After obtaining v1 and v2, for each new sample x ∈ ℜn the sample label is obtained by (12):

$$ \begin{array}{lllll} &x\in W_{k}, & & k= \text{arg max}_{i=1,2} \{\frac{|{w_{1}^{T}}x+b_{1}|}{\|w_{1}\|},\frac{|{w_{2}^{T}}x+b_{2}|}{\|w_{2}\|}\} . \end{array} $$
(12)

To calculate the membership value, the fuzzy membership functions introduced in [29] are used.
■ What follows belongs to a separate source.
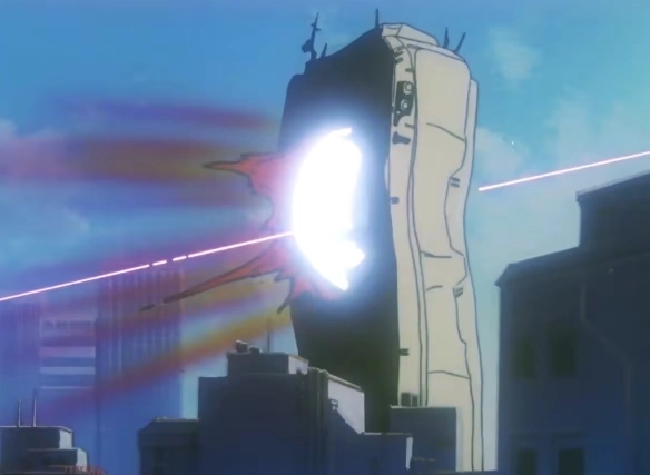 第五使徒的粒子炮攻击把初号机击退了,随后使徒便用钻机慢悠悠地向下钻探。(这使徒的粒子炮威力确实惊人,可惜智商实在不太高——要是直接用粒子炮往地下轰上几下,估计早就解决问题了,哪还用得着费劲摆弄钻头呢)

For a positive sample xi with a positive label (+ 1), fuzzy membership is expressed as (13):

$$ \begin{array}{@{}rcl@{}} m_{1} (x_{i}) &=&0.5+\frac{\exp{(C_{0}(d_{-1}(x_{i}) -d_{1}(x_{i}) ) /d) -\exp{(-C_{0}) }}}{2(\exp{(C_{0}) }-exp{(-C_{0}) }) } ,\\ m_{-1}(x_{i}) &=&1-m_{1}(x_{i}). \end{array} $$
(13)

For a negative sample xi with a negative label (-1), fuzzy membership is expressed as (14):

$$ \begin{array}{@{}rcl@{}} m_{-1} (x_{i}) &=&0.5+\frac{\exp{(C_{0}(d_{1}(x_{i}) -d_{-1}(x_{i}) ) /d) -\exp{(-C_{0}) }}}{2(\exp{(C_{0}) }-exp{(-C_{0}) }) },\\ m_{1}(x_{i}) &=&1-m_{-1}(x_{i}). \end{array} $$
(14)

5 Extracting the bag of visual words

As outlined in the introduction section, obtaining high-level semantic features can greatly enhance the performance of the proposed system for scene classification. As mentioned earlier, the regions and labels of the words in the image are obtained by the deep network.

The results obtained in the previous step indicate that regions of the objects usually exhibit more region than the object itself. For example, Fig. 3 illustrates a sample RoI-calculated by RPN that is considered by the SVM-fuzzy as an object. As it can be seen, many of the region proposals have problems like overlaping with other objects, the loss of a part of the object, and the inclusion of a large part of the background region as object regions. In this phase, high-level visual features are extracted in the identified regions as objects. In the same way, the Bag-of-Visual-Word (BoVW) method is used. In the proposed system, the method of topic modeling is used to extract latent topics. The inputs of these types of systems are words. These words are extracted by the BoVW method.

Fig. 3
figure 3

An example of an RPN network output after applying Fuzzy-SVM

The BoVW pipeline methods have shown good performance in recent years [70]. Also, these methods have a good effect on the illumination changes and noise [50]. This method involves steps such as feature extraction, feature preprocessing, codebook generation, feature encoding, pooling and normalization.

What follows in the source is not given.